Mladost Stadium
- Location: Sajmišna ul. 32, 40323, Prelog, Croatia
- Coordinates: 46°19′58″N 16°36′56″E﻿ / ﻿46.33278°N 16.61556°E
- Opened: 1964
- Closed: 2012
- Length: 342 m (0.213 mi)

= Mladost Stadium (Prelog) =

Former stadium in Prelog, Croatia

Mladost Stadium was a multi-use stadium in Prelog, Croatia. It was located in the centre of Prelog at Sajmišna ul. 32. It was used by the NK Mladost Prelog football club and the Prelog Speedway Club.

==History==
On 15 May 1964, the SC Prelog speedway club organised the first official speedway competition at this stadium. Over the following years, Prelog gained the name 'speedway city'.

The stadium was a significant venue for motorcycle speedway and hosted important events. These included qualifying rounds of the Speedway World Team Cup in 1972, 1978 and 1996, qualifying rounds of the Speedway World Championship in 1973 and 1980, and the Speedway World Pairs Championship in 1974 and 1981.

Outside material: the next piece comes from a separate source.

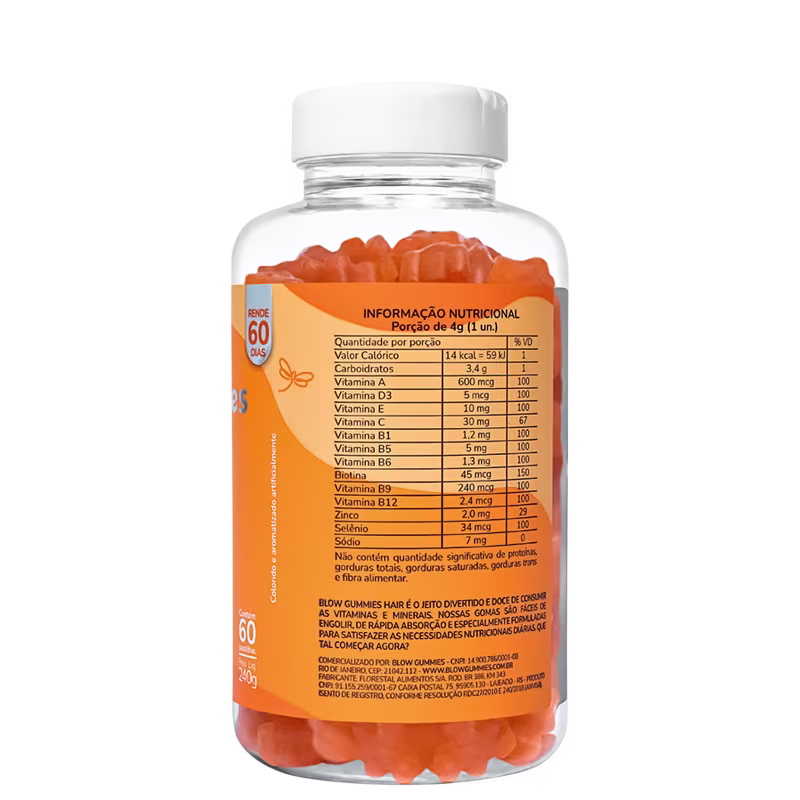 O Suplemento Alimentar Blow Gummies Hair Laranja promove desenvolvimento capilar saudável, poi sua fórmula contém vitaminas e minerais ricas que colaboram para esse objetivo. Isso inclui Biotina, Selênio, Vitamina C, Vitamina B12, Zinco , Sódio, Vitamina A, Vitamina D3, Vitamina E, Vitamina B1, Vitamina B5, e Vitamina B9. Nós, da Blow Gummies, sabemos o quanto se sentir feliz com seus próprios cabelos é necessário, por isso vamos te ajudar a alcançar seus objetivos de um jeito prazeroso!
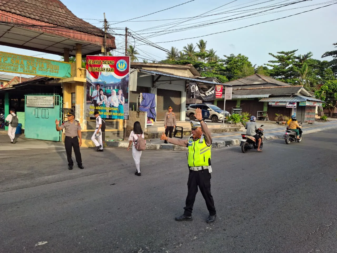 Personel Polres Bangka bersama jajaran Polsek disiagakan di sejumlah titik strategis, seperti persimpangan jalan, depan sekolah, pasar, hingga pusat-pusat keramaian.

The track record with a time of 62.2 seconds was set by Nikola Martinec on 2 September 2007 and the last speedway competition was held in 2008 before the stadium closed.

In the summer of 2009, corners of the football field were added but in 2012, the earth embankments around the track and the stands were demolished, and two new football pitches, rotated in relation to the previous one, were built on the site of the former stadium. The opening of the new fields took place on 25 July 2014.